Dessa forma, ao evitar que você entrasse em dívidas caras de empréstimos para pagar as contas, ela te ajudou a não cair no crédito dos juros altos.
Por este motivo, antes de colocar o primeiro real na sua nova reserva de emergência, é preciso analisar bem o processo de reconstrução.
Ou seja, a dica é: você deve revisar seu orçamento mensal, ver o que te levou a “comer” toda a reserva de emergência e porque isso aconteceu.
Além disso, veja as despesas que você tinha antes da emergência ainda são as mesmas ou se você usou o dinheiro desse fundo porque aumentou o custo de vida.
Hora de fazer cortes para reconstruir sua reserva de emergência
Para acelerar a reconstrução e ter uma boa grana no seu fundo de emergência, você vai precisar cortar na carne.
Então, o primeiro passo é ver de onde virá o dinheiro dos novos aportes.
Saiba que, muitas vezes, essa história de poupar o que “sobra” no fim do mês não funciona.
Então, para ser mais eficaz que podemos te sugerir é a inversão, ou seja, caiu o salário na conta, reserve um valor para o fundo emergencial antes de qualquer outro gasto.
Além disso, é bem importante conferir nos gastos ocorridos e fazer pequenos ajustes no cotidiano.
Não sei se você já fez isso, mas dá para liberar uma boa grana – é até surpreendente. E, além disso, este momento é muito motivador para reconstruir sua reserva de emergências.
Saiba onde investir os valores da sua reserva de emergência
A escolha do investimento para “guardar” o que você “poupou” é muito importante.
Aliás, este é um dos pontos mais críticos sobre como reconstruir sua reserva de emergência.
E isso é importante porque o objetivo desse dinheiro é a segurança e a disponibilidade imediata.
Sendo assim, você não deve buscar riscos elevados, mesmo assim, dá para escolher boas opções, ainda mais com a Selic em 15%.
Dessa forma, bora ver algumas opções de onde reconstruir sua reserva de emergência:
Tesouro Selic:
É a opção mais segura, pois oferece liquidez diária e acompanha a taxa básica de juros.
CDBs de Liquidez Diária:
Há CDBs que rendem 100% ou até 110% do CDI.
Mas, neste caso, confira se a instituição possui garantia do Fundo Garantidor de Créditos (FGC).
Fundos DI:
Não estamos dando dicas de investimentos, mas os fundos com taxa de administração zero (ou quase), podem ser uma boa opção para o caso – em títulos públicos.
Não pule etapas para reconstruir sua reserva de emergência
Nos encaminhamos para o final do post, então, uma dica de ouro é antecipar um erro comum que pode também ocorrer com você.
E qual é esse erro?
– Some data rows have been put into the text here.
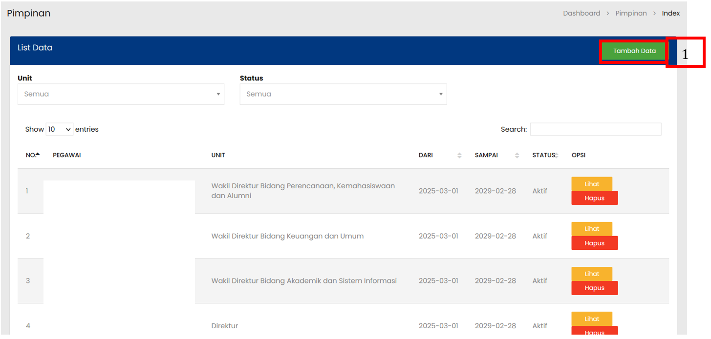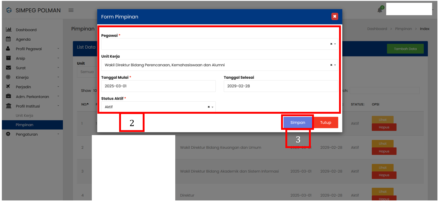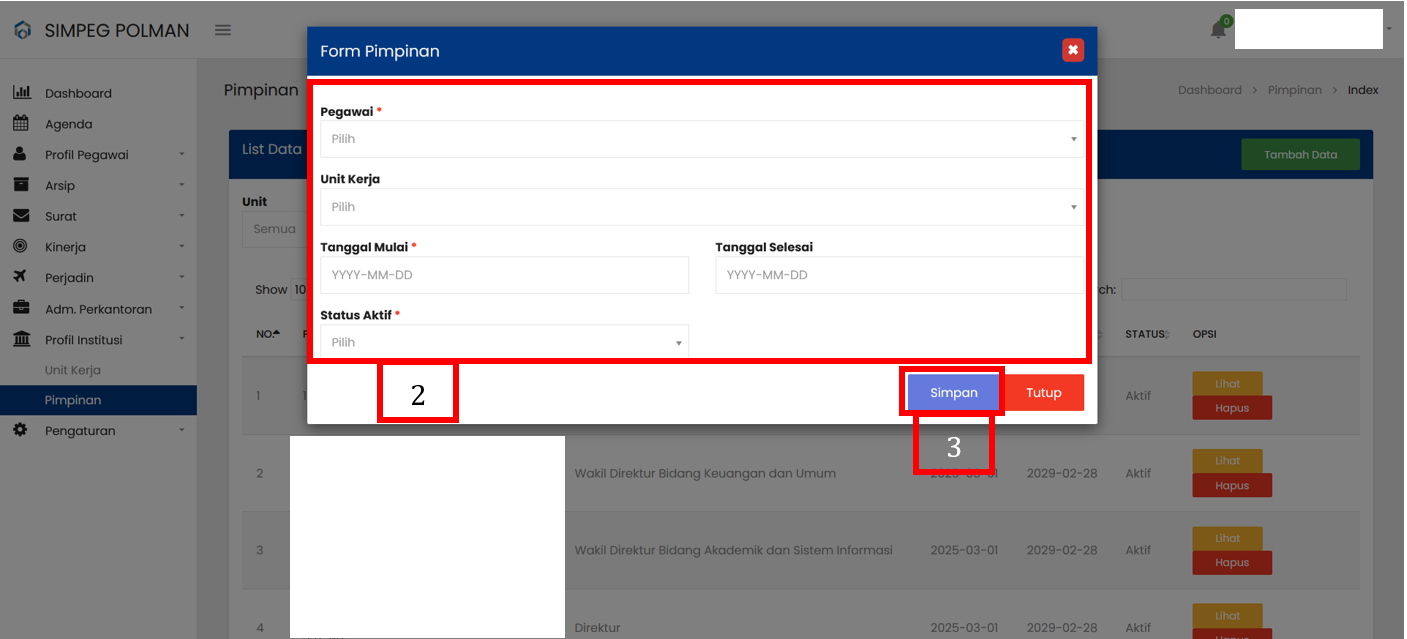 Pilih tombol Tambah Data untuk menampilkan form penambahan Pimpinan baru3 |
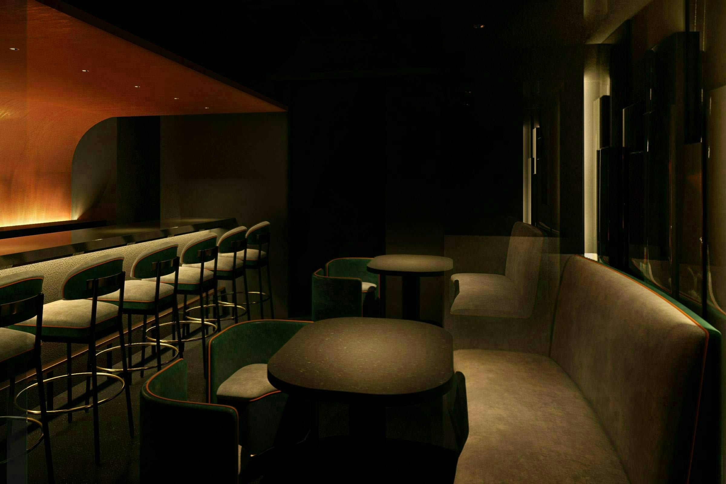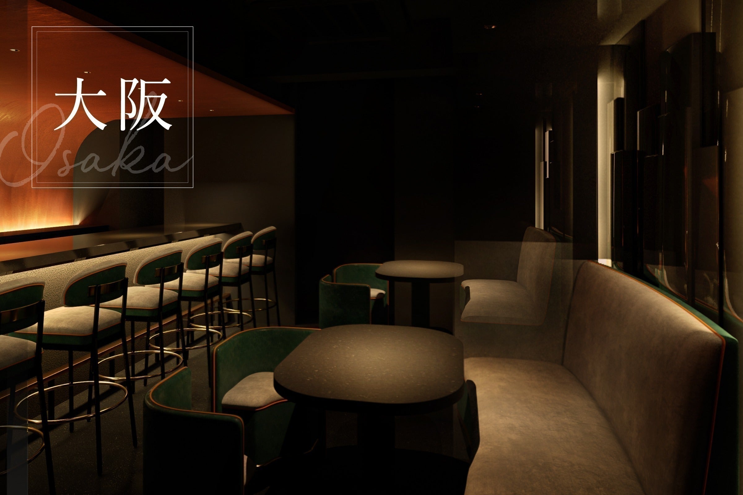 壁面には、大阪らしい繁華街に立ち並ぶビルや看板の活気、賑わいが広がっていく様を黒鏡面に仕上げたパネルを用いて、モノクロームの彫刻のように表現し、それぞれの天板に用いた左官仕上にはシンボルでもある銅の端材を混ぜ込むことでミニマルで上質な形にリメイクし空間を提供。
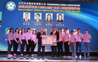 他亦呼吁各个社团、商界领袖及社会贤达大力支持兵南邦客家公会,让该会有更多空间、更大的平台舒展能力、发挥才干及潜能,以完成既定的目标、议程、任务与使命。
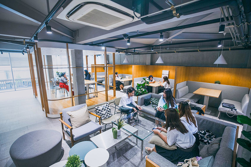 “แต่ละสาขาเราจัดพื้นที่และสิ่งอำนวยความสะดวกไว้ครบ ทั้งที่นั่งทำงานแบบ Hot Desk ห้องประชุม และพื้นที่จัด Event ซึ่งมีการปรับเปลี่ยนรูปแบบได้ นอกจากนี้เราเองยังมีการจัดกิจกรรมต่างๆ เป็นเวิร์กชอปพัฒนาทักษะเสริมทั้งด้านความรู้และประสบการณ์ที่น้องๆ นักศึกษาสามารถนำไปใช้ในอนาคต การมีกิจกรรมเหล่านี้ก็เป็นการสร้างคอมมูนิตี้ของเราให้เกิดขึ้นด้วย และเชื่อว่าเมื่อก้าวสู่วัยทำงาน พวกเขาก็จะยังเข้ามาใช้บริการของเราเช่นกัน” นวลพรรณ อธิบาย
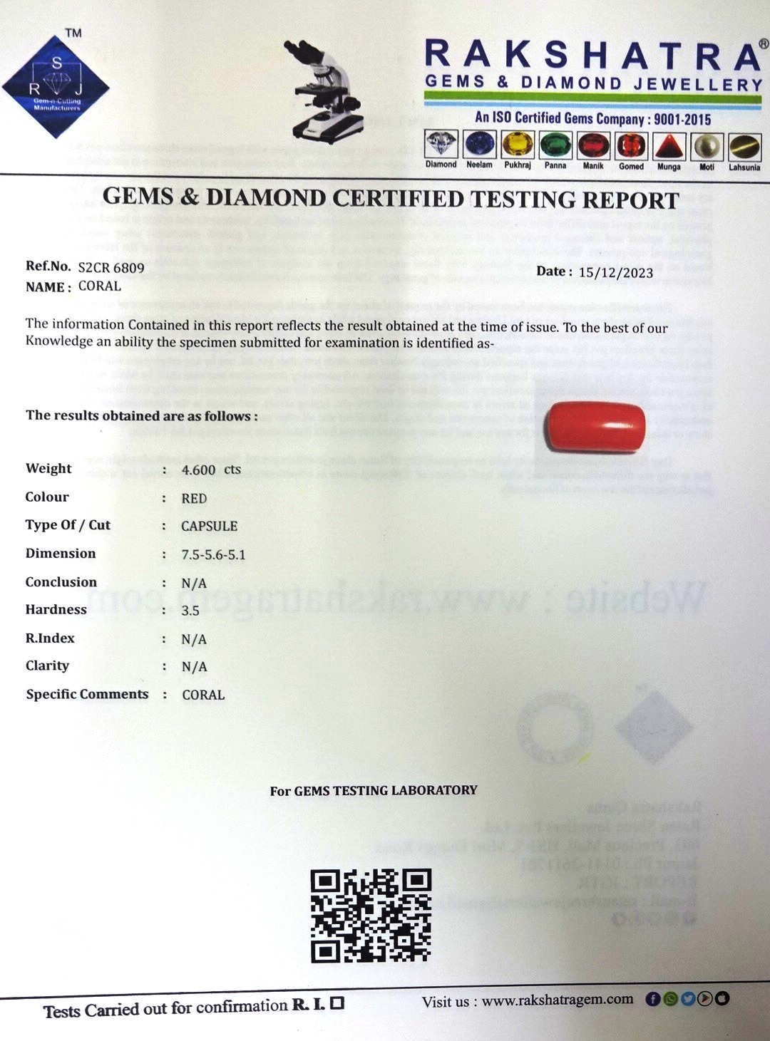 | WEIGHT: | 4.60 CTS |

É acreditar que você só deve voltar a poupar se tiver grandes quantias.
A reconstrução da reserva é uma maratona, ou seja, deve ser de médio a longo prazo, por isso, é preciso constância.
Além disso, é importante dar o primeiro passo, depois, com o tempo, conforme você ajusta seu orçamento ou recebe rendas extras, os aportes podem ir aumentando.
Dessa forma, uma das estratégias mais valiosas para esse assunto é: não pular etapas.
Você não deve ficar ansioso para voltar a investir em projetos de longo prazo, como aposentadoria ou compra de bens.
Não. Comece devagar, pois se uma nova emergência surgir enquanto você está com todo o seu dinheiro preso no longo prazo, você cairá nos juros altos do empréstimo.
Então, foque 100% da sua capacidade de poupança na reserva até que ela atinja, pelo menos, três meses (ou seis) do seu custo de vida.